The following figure shows a simple biological neuron to the left. The neuron has dendrites that receive signals from other neurons. A cell body controls activation, and an axon carries an electrical impulse to the dendrites of other neurons. The artificial neuron to the right has a series of weighted inputs: a summing function that groups the inputs, and a firing mechanism (F(Net)), which decides whether the inputs have reached a threshold, and if so, the neuron will fire:

Theory

Neural networks are tolerant of noisy images and distortion, and so are useful when a black box classification method is needed for potentially degraded images. The next area to consider is the summation function for the neuron inputs. The following diagram shows the summation function called Net for neuron i. The connections between the neurons that have the weighting values, contain the stored knowledge of the network. Generally, a network will have an input layer, an output layer, and a number of hidden layers.
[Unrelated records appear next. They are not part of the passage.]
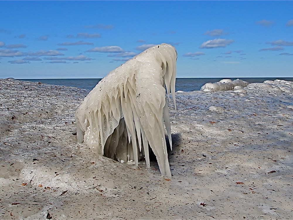 I was checking out one of my best areas of Lake Ontario shore line after a storm. When I saw it. A creature rising from up from the ice sheet.
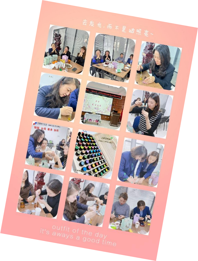本次活动在创造美、欣赏美、感受美的过程中圆满完成,也激发了大家对生活的热情,对美的追求与热爱,通过品鉴精油、手工diy 点燃长存心中的无限美好,享受这一刻舒缓的时光,升华对生活的美好感悟,全体女职工一起度过了一个温馨而有意义的节日。
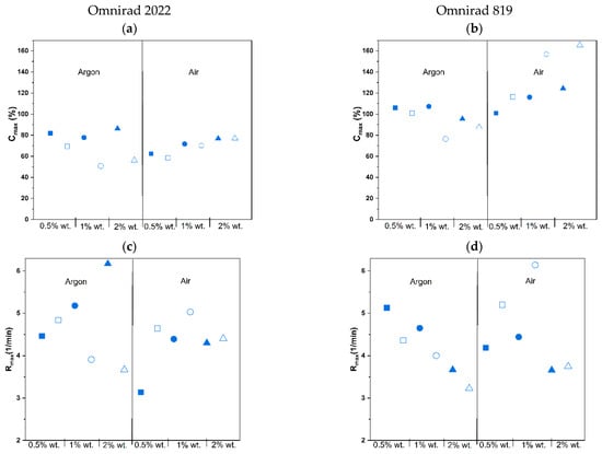 Effect of intensity of light on the maximum conversion (Cmax) (a) for Omnirad 2022 and (b) for Omnirad 819; maximum reaction rate (Rmax) (c) for Omnirad 2022 and (d) for Omnirad819. The reactions at 20 mW/cm2 (closed symbols) and 50 mW/cm2 (open symbols). Square—0.5% wt.; bullet—1% wt.; triangle—2% wt.

A neuron will fire if the sum of its inputs exceeds a threshold.

Theory

In the previous equation, the diagram and the key show that the input values from a pattern P are passed to neurons in the input layer of a network. These values become the input layer neuron activation values; they are a special case. The inputs to neuron i are the sum of the weighting value for neuron connection i-j, multiplied by the activation from neuron j. The activation at neuron j (if it is not an input layer neuron) is given by F(Net), the squashing function, which will be described next.

A simulated neuron needs a firing mechanism, which decides whether the inputs to the neuron have reached a threshold. And then, it fires to create the activation value for that neuron. This firing or squashing function can be described by the generalized sigmoid function shown in the following figure:

Theory

This function has two constants: A and B; B affects the shape of the activation curve as shown in the previous graph. The bigger the value, the more similar a function becomes to an on/off step. The value of A sets a minimum for the returned activation. In the previous graph it is zero.
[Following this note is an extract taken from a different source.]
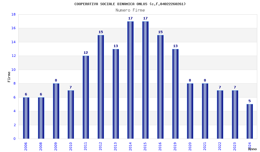 | Anno | Firme | Importi | Media | Naz. | Reg. | Prov. | Comu. |
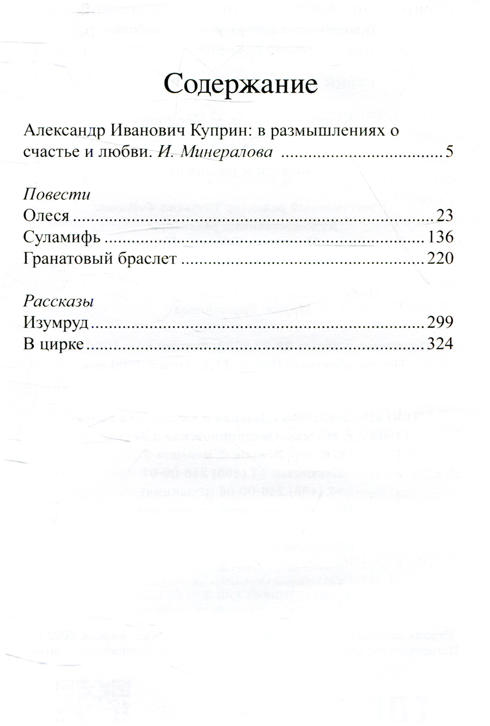 В книгу вошли три повести: «Олеся», «Суламифь», «Гранатовый браслет». В них раскрыта одна из основных тем в творчестве русского писателя Александра Ивановича Куприна - тема любви, хрупкой и безответной, страстной и ревнивой, но всегда самоотверженной и трагической.

So, this provides a mechanism for simulating a neuron, creating weighting matrices as the neuron connections, and managing the neuron activation. But how are the networks organized? The next diagram shows a suggested neuron architecture—the neural network has an input layer of neurons, an output layer, and one or more hidden layers. All neurons in each layer are connected to each neuron in the adjacent layers.

Theory

During the training, activation passes from the input layer through the network to the output layer. Then, the error or difference between the expected or actual output causes error deltas to be passed back through the network, altering the weighting matrix values. Once the desired output layer vector is achieved, then the knowledge is stored in the weighting matrices, and the network can be further trained or used for classification.

So, the theory behind neural networks has been described in terms of back propagation. Now is the time to obtain the development version of the Apache Spark code, and build the Spark server, so that the ANN Scala code can be run.

Building the Spark server

I would not normally advise that Apache Spark code be downloaded and used before it has been released by Spark, or packaged by Cloudera (for use with CDH), but the desire to examine ANN functionality, along with the time scale allowed for this book, mean that I need to do so. I extracted the full Spark code tree from this path:

https://github.com/apache/spark/pull/1290.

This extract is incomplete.